Aquilo não lhe cabia bem; não era necessário perscrutar-lhe os olhos, ou inquirir sua alma se aquilo lhe pesava: o desconforto era nítido, refletido nos olhos, no esgar da boca, nos gestos e no corpo inteiro. Aquela peça era uma estranha, uma forasteira, era como sal no pote de açúcar, ou como um grande saco de arroz em cima de uma caixa de ovos: sentia seus ossos rangerem, e ele suava tanto que encobria-lhe os olhos.

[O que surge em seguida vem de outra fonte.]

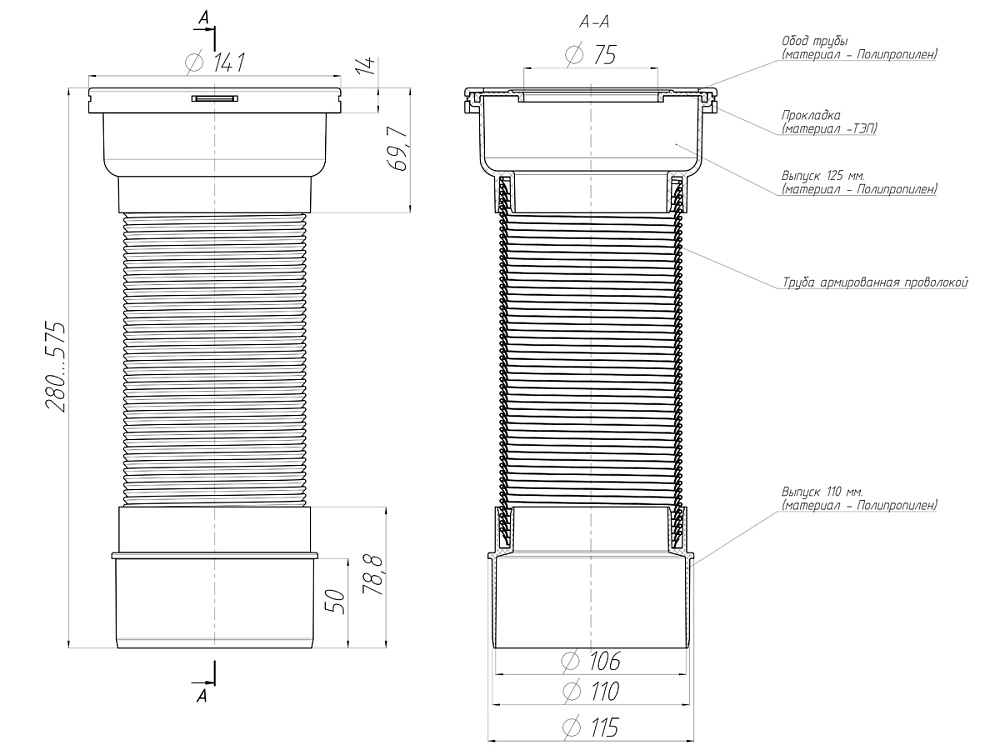 ОписаниеУдлинитель гибкий гофрированный для унитаза K921 с металлической спиралью выпуск 110 мм предназначен для присоединения унитазов к системе канализации.

Mas a cena não chegava a dar pena. Ninguém o obrigara a vestir aquele blazer –sim, era apenas um blazer a causa de tanto drama. Ele escolhera usá-lo, pois precisava transparecer credibilidade e segurança, na sociedade das aparências. Sapatos engraxados, calça social fina, cinto de couro (da cor do sapato), camisa de botão de uma cor sóbria e aquele blazer azul-marinho –que, a seus olhos, é preto. Só lhe falta um acessório, pensa consigo mesmo: a foice afiada, pois aquele era o manto negro da Morte. No calor infernal de Niterói, aquele traje era o emblema da barbárie de nossos tempos. Ou, alternativamente, pensava, já com a mente febril, tamanho era o peso do meio dia sem nuvens, pensava que aquela era sua cruz, e achava-se mais próximo de Cristo. E seus olhos delirantes miravam o céu, e seus braços quase se abriram para receber as bênçãos do Criador. Refreou-se, contudo, a tempo: era sua vida terrena que o chamava, que o puxava para junto do chão, podando suas asas, quer de Morte, quer de Anjo.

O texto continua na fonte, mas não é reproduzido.